As this mechanism would predict, Eubank and Weinberg (1998, 2001) find
that terrorism is most common in the freest political systems. Democracies
are vulnerable to terrorism, they argue, because they provide terrorists
opportunities and because terrorists can coerce their elected officials. These
officials are receptive to the voices of terrorists and to the larger public
negatively affected by terrorist violence (Eubank & Weinberg, 1994). It
is thus strategic for terrorists to act against democracies because elected
governments will concede to their demands in order to avoid additional
violence. Pape (2003) uses this mechanism to explain instances of suicide
terrorism in democracies, arguing that the tactic is often successful in forcing
governments to make territorial compromises.

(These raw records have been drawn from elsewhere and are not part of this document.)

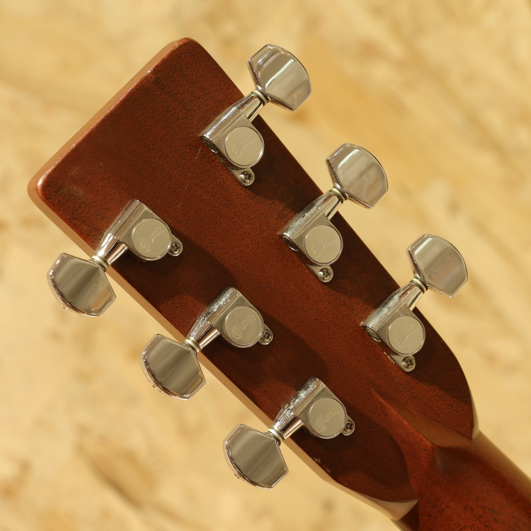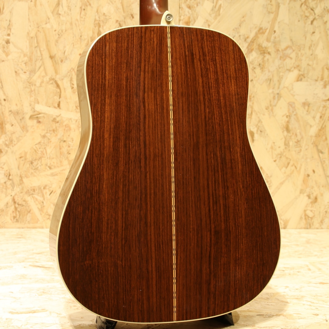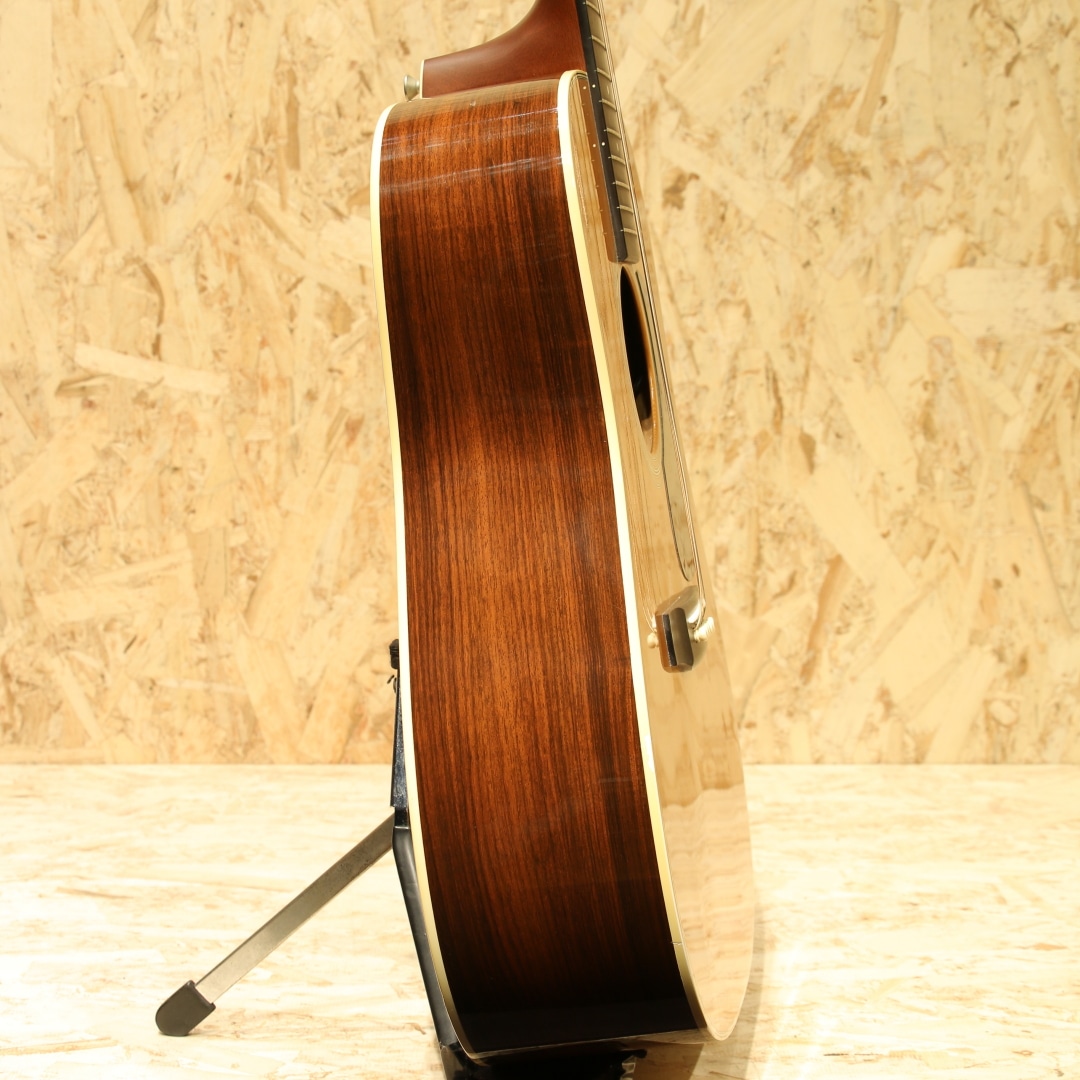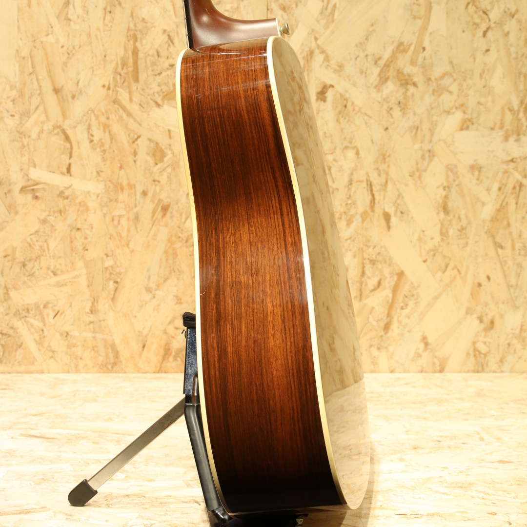 マーチンギターの中で最も有名なモデルといえば、この"D-28"。現在同様の14fジョイントのドレッドモデルとして1934年に誕生してから、時を超え今もなお愛されるワールドスタンダードモデルです。本器は2001年製USED品。シトカスプルーストップ、ローズウッドサイド&バック、エボニー指板&ブリッジ、グローバーロトマチックペグ、MOP指板ドット、ブラックピックガード、チェッカーフラッグバックストリップ、スタンダードノンスキャロップドXブレイシング。ネックヒールバックにはストラップピンが装着されています。D-28は2017年に大きく仕様が変わり、よりオールドテイストを取り入れた姿へと変化しました。2025年にも細やかな個所が変更されゴールデンエラ期に近づいた特徴を与えられています。本器はそれらの変更が入る前の旧仕様。ナット幅は現行品と異なり42.9mm、ブレイシングはノンスキャロップのスタンダードX、ペグはグローバーのロトマチックタイプ。現行品のナット幅が広く握り込みにくいと感じられる方には一度体感して欲しいネック、親指を使った押弦にも対応しやすいグリップ。この仕様を探している方が一定数おられることにも納得です。そしてフォワードシフトではなくスタンダードXの為、ブリッジ付近の強度が高くなりより粒立ちの揃ったバランスの良いサウンド。ノンスキャロップでやや太いサウンド、音の輪郭も出しやすく制御しやすい辺り細かいニュアンスを表現できる可能性をもっています。ペグ自体も重量がある為に重たい響きとスーッと伸びるサスティーンを生み出しやすく、音を切る、伸ばすの加減も演奏者次第。自分が思い描く演奏へ応えてくれるであろう世界のスタンダードモデル。プレイスタイルも特段選ばず、ストロークでのパワフルなサウンド、フィンガーでの繊細な響きを堪能できる1本です。後付けにてL.R Baggs i-Beam Activeを搭載。マイクで拾ったようなナチュラルなエア感のある響き、ピックアップ自体も軽量の為生音への影響も最小限。出力も充分稼げるアクティブ仕様の為、扱いやすさも良し。優秀なシステムと言えるピックアップです。ボディトップ面1弦側ショルダー箇所やサウンドホール6弦側横、ボディトップ下部の当てキズ、ボディバック面の細やかなバックルキズ、ボディサイド6弦側ショルダーとネックヒールに当てキズ等の使用感こそ見られますが、年式を考えると比較的キレイな状態をキープされている個体。ネックの状態は良いままに保たれ、サドルの残り代も問題なしと演奏性良好な1本です。現行品のナット幅が合わなかった方には是非一度お試し頂きたい旧仕様品。ワールドスタンダードたりえる理由を是非ご体感下さいませ。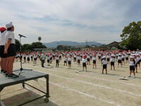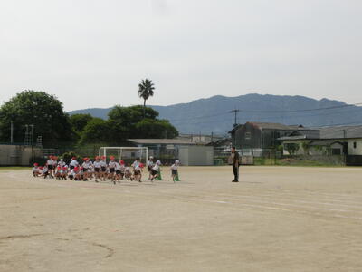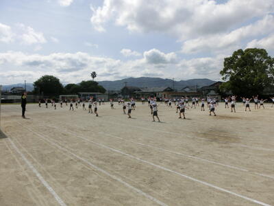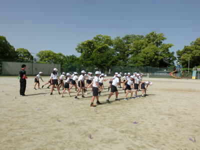 4年生の徒走の練習の様子です。「第〇組!」「はいっ!」返事が上手です。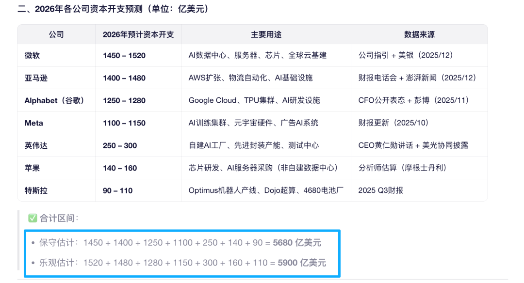 简单说,这些科技巨头只要2026年如期的把自己的钱花出去。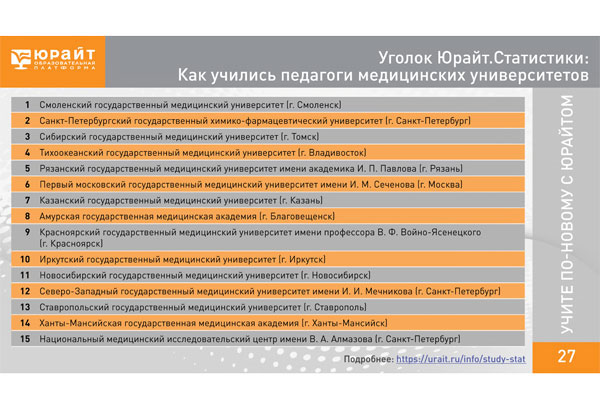 The ranking is compiled on the basis of digital traces of students’ and teachers’ various activities on the educational platform "Urait" and shows how often a university has used the platform to arrange its curricular activity from the beginning of 2019-2020 academic year. To that end, "Urait Statistics" team analyzed the educational behavior of 129 666 students and 17 923 teachers of 836 Russian-speaking higher education organizations located in Russia and the CIS.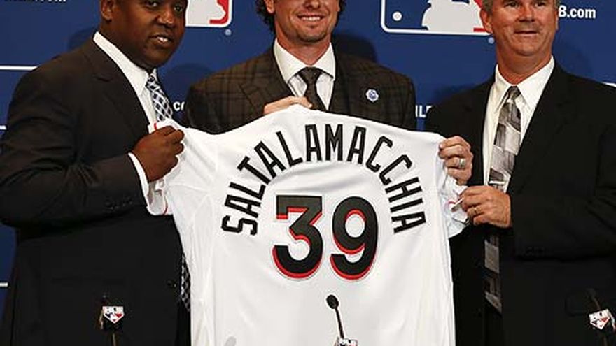 Luego de ganar una Serie Mundial con los Medias Rojas, el receptor Jarrod Saltalamacchia oficialmente firmó su contrato de tres años y US$21 millones con los Marlins y fue presentado por el equipo en una rueda de prensa en las Reuniones Invernales. El pasar de un equipo campeón a un conjunto que acaba de sufrir 100 derrotas no parece ser una situación ideal, pero Saltalamacchia piensa que esto será algo que beneficiará a todos. "En Boston, el año anterior perdimos 93 partidos y esta campaña terminamos en la cima", explicó el cátcher. "No hay motivos para que no hagamos lo mismo aquí. Tenemos un gran grupo de abridores. Ahí es donde todo comienza y termina". El firmar a Saltalamacchia le brinda a Miami la producción en una posición que no pensaban que existían buenas alternativas en el mercado. Los Marlins en el 2013 ocuparon el último puesto en carreras anotadas y cuadrangulares. Por su parte, Saltalamacchia tuvo un promedio de .273 con 14 jonrones, 40 dobletes y 65 empujadas.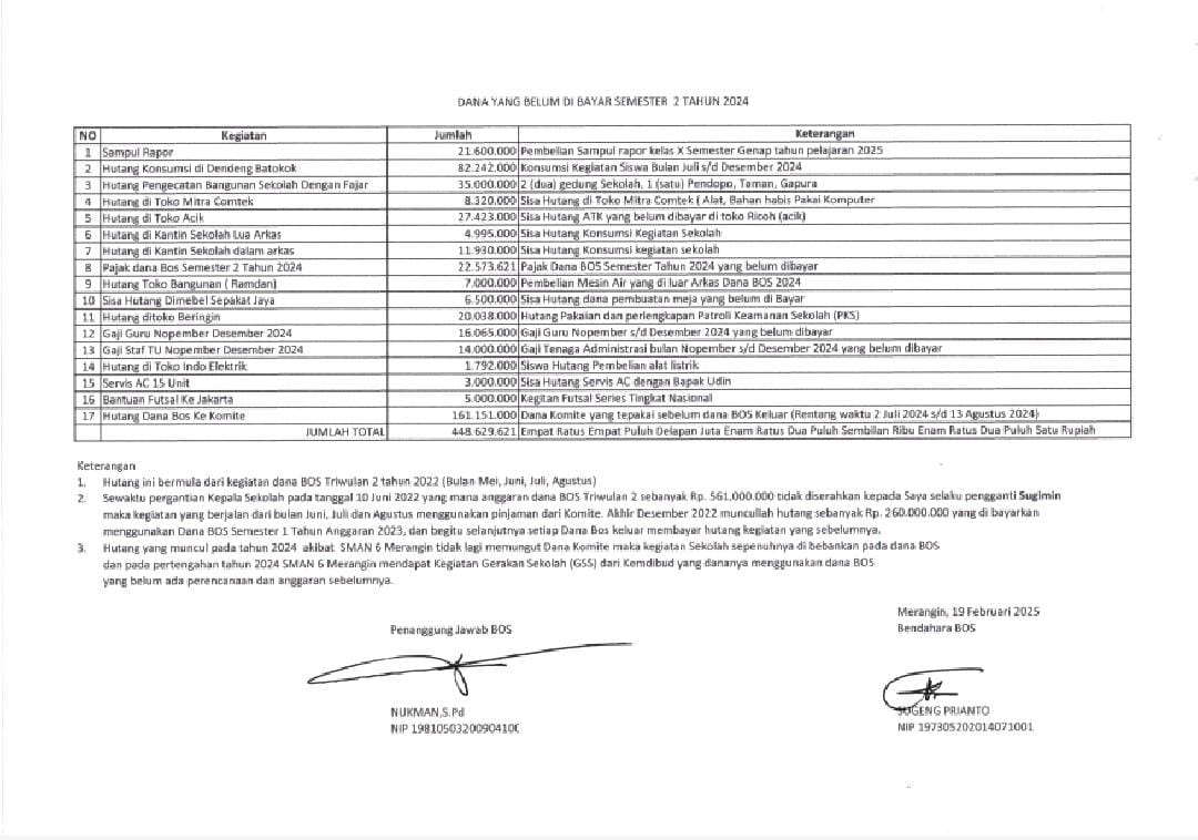 Berdasarkan penelusuran awak media dan data yang berhasil didapat bahwa masih banyak hutang dengan rekanan di SMAN 6 Merangin yang pada Tahun 2024 belum dibayarkan, tidak tanggung-tanggung, hutang tersebut mencapai lebih dari Rp. 448 juta-an.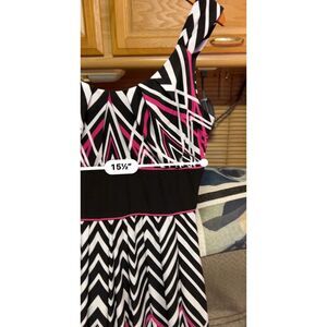 This stylish R&M Richards set includes a sleeveless dress and a matching jacket. The dress features a black and white geometric print with a flattering silhouette. The pink jacket adds a pop of color and can be worn with the dress or separately. Perfect for a special occasion or a night out.

Democracies also guarantee freedom of the press. Many scholars have
argued that terrorists seek publicity and thus are motivated to conduct
attacks in democracies where their grievance-motivated violence will reach
a wide audience (Hoffman, 2006). A freer press leads to more terrorism
because “[t]he modern news media, as the principal conduit of information
about such acts … plays a vital part in the terrorists’ calculus” (Hoffman,
2006, p. 174). Gadarian (2010) points to this explanation in her study on
the effect of emotional media coverage of terrorist events on the foreign
policy views of citizens. Under conditions of freedom of the press, the media
competes for viewers and readers by highlighting terrorist events.
However, some scholars question the link between press freedom and
terrorism as an explanation for terrorism in democracies. In their view, a free
press leads to more reports of terrorism but not necessarily more terrorism.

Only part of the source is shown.